Les combinaisons intégrales sont destinées elles-aussi aux situations à haut risque de transmission. Souvent les vestes en tissus suffisent à offrir le minimum vital, lavées tous les jours, elles semblent cependant bien vulnérables face à ce virus mortel.

L’Union Professionnelle Nationale des Pompes Funèbres (UPNPF) a pourtant tiré la sonnette d’alarme dès le début de la pandémie, il faut aider les entreprises de pompes funèbres, les laisser partir chercher les corps sans protection adéquate, c’est mettre en péril toute une profession.

Ce métier a en plus toujours connu son lot de mystères. Mystères qui n’en sont pourtant pas, leur travail est direct et sans détours. Depuis la nuit des temps, les croque-morts ont un boulot de l’ombre, un boulot difficile et ingrat. David, lui ne le voit pas comme ça. C’est un métier de respect et d’accompagnement où l’humanité est nécessaire souvent plus qu’ailleurs. Et c’est bien ce qui éprouve David durant cette pandémie, faire ce travail si compliqué sans pouvoir offrir un service humain. Les défunts meurent seuls mais les familles ressentent également cette solitude. Impossible de rendre visite une dernière fois si le patient est confirmé Covid. Impossible de le prendre dans ses bras ou de lui dire au revoir. La plupart du temps, c’est le personnel infirmier qui est leur dernier lien avec cette vie.

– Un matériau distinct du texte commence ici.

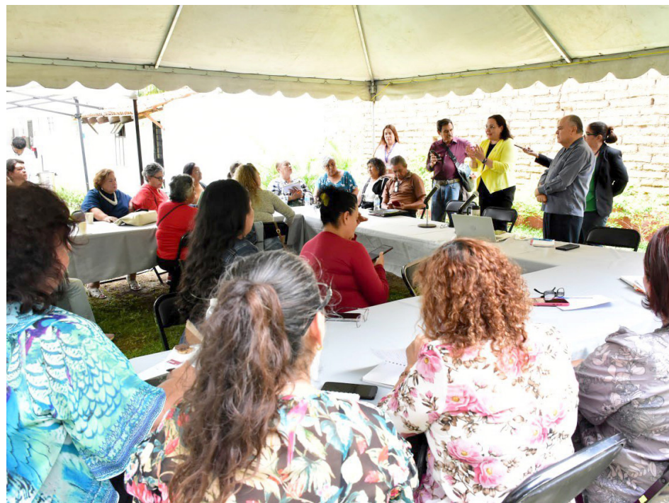
Participaron cuatro colectivos de búsqueda de personas.

Se les informó sobre los deberes de las instituciones relacionadas con el seguimiento a las denuncias por personas que no han regresado a casa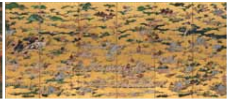
国宝 洛中洛外図屏風 狩野永徳筆 六曲一双(右隻) 米沢市上杉博物館所蔵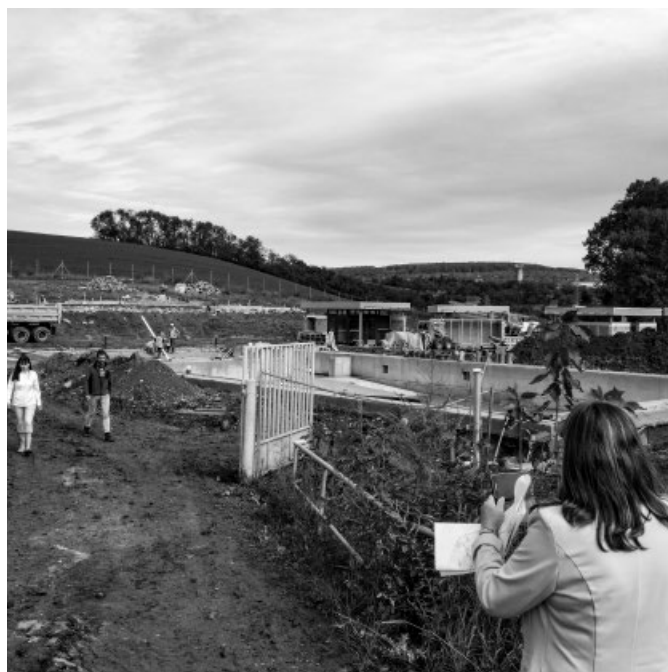
Koupaliště – celkový pohled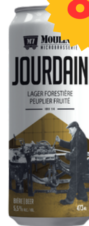
Lager Forestière Peuplier Fruité - IBU 14

En 1927, à la demande du conseil municipal, François Jourdain et ses fils s'installent à Asbestos. Durant plus de six décennies, ils y exploiteront une scierie, une manufacture de portes et fenêtres et autres travaux de menuiserie. Cette lager, à la teinte cuivrée, dégage des arômes boisés! Une gorgée vous rappellera une marche en forêt par une belle journée d'automne.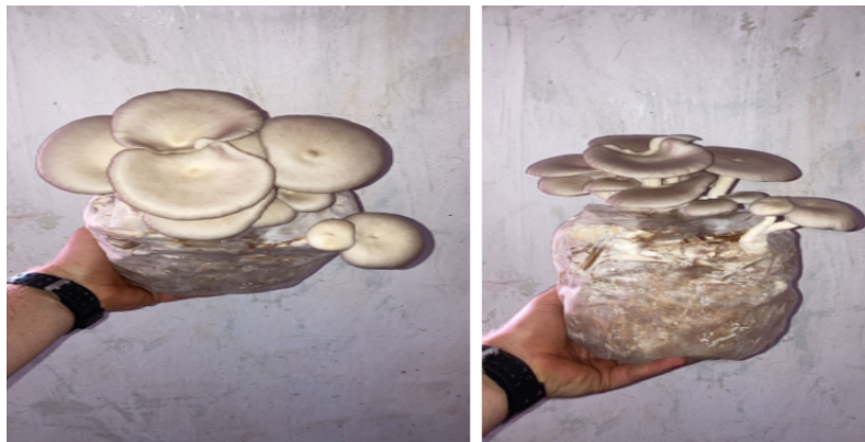
Figura 2 - Produção (frutificação) e ponto de colheita do cogumelo Shimeji .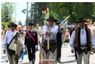
2017-06-15-Procesja Bożego Ciała w parafii św. Teresy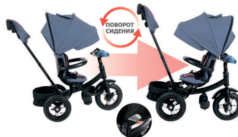
Отожмите (от центра) 2 кнопки под сидением и поверните сидение.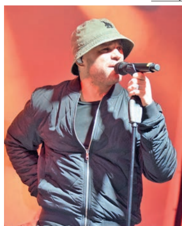
Солист группы «Градусы» Роман Пашков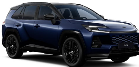
M40 Modrá – tmná se střechou v černé barvě metalický lak, dostupný pro verzi Style 25 000 Kč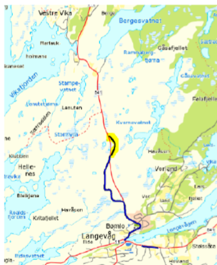
FG. 541 hp 5 km 3,820 – 4,201, lengde 381 meter

Strekninga frå Langevåg til Løvegapet vart opna i 2008. Den nye vegen er ein tofeltsveg med fartsgrense 80 km/t utan eige tilbod til mjuke trafikantar. Om lag 1120 meter av vegen er bygd som ny veg. Den gamle vegen ligg som to sløyfer, ei på 1022 meter på austsida og ei på 381 meter på vestsida av den nye fv.541, sjå kart under. Dei to sløyfene er registrert som fylkeskommunal gangveg (FG) i Nasjonal vegdatabank (NVDB).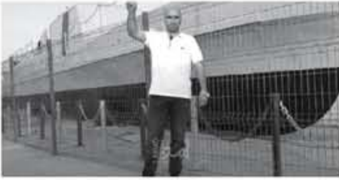
رأبم - وكالات

وتلتم إدارة المعتقلات بقله عدة مرات منذ إضرابه سواء من معتقل إلى آخر أو إلى المستشفيات المدنية التابعة للاحتلال في محاولة للضغط عليه وإفادته والتل من إرادته.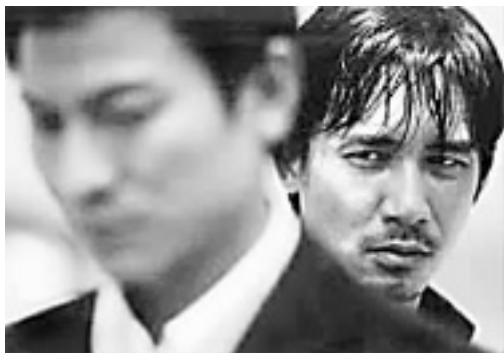
在《无间道》中，刘德华与梁朝伟有了一次面对面的PK机会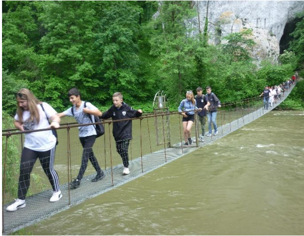
Vársonkolyoson a függőhídon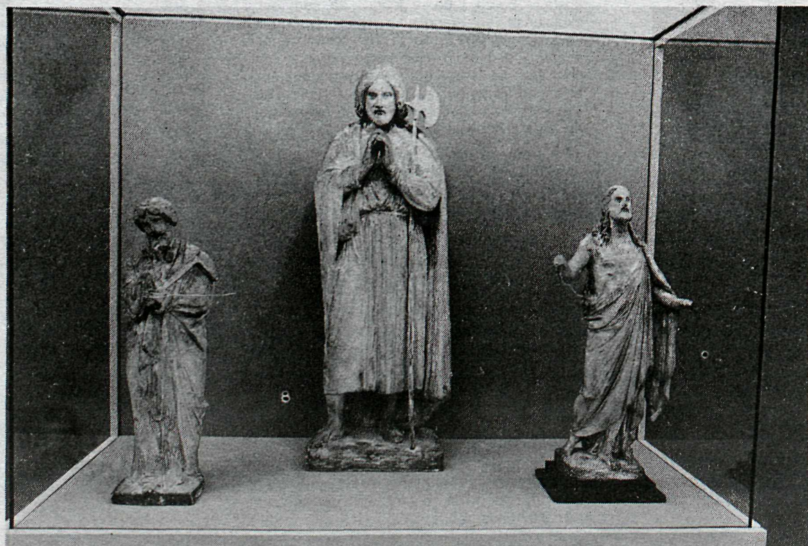
Tómas t.v., þá Júdas og síðan Kristur.

Les jours s’enchainent, les heures défilent pour toute l’équipe. Le sommeil est souvent bref et peu reposant. Les appels arrivent jours et nuits. Les visites en maison de repos pour aller récupérer des corps succèdent aux visites à la morgue ou à certains domiciles.

Se protéger à tout prix, éviter de chopper ce virus. Mais pourtant, assurer un service d’accompagnement aux familles endeuillées.

Un colis reçu, tiens, les masques promis par le gouvernement sont arrivés. David et ses employés espèrent des FFP2, il ne s’agit en fait que de masques chirurgicaux ! Ils iront dans l’armoire, pour une autre utilisation, pour plus tard, quand tout ira mieux.

Le travail du croque-mort n’est pas évident, celui caché de tous l’épuise mais pourtant, il reste humain.

Car en plus de ce travail de collecte de corps, collectes oui ! Car il faut bien parler ainsi tant les cercueils contenant des corps s’accumulent dans les locaux de la petite entreprise familiale. Il faut aussi rassurer les familles et expliquer les règles mises en place par le gouvernement pour ralentir la propagation du virus.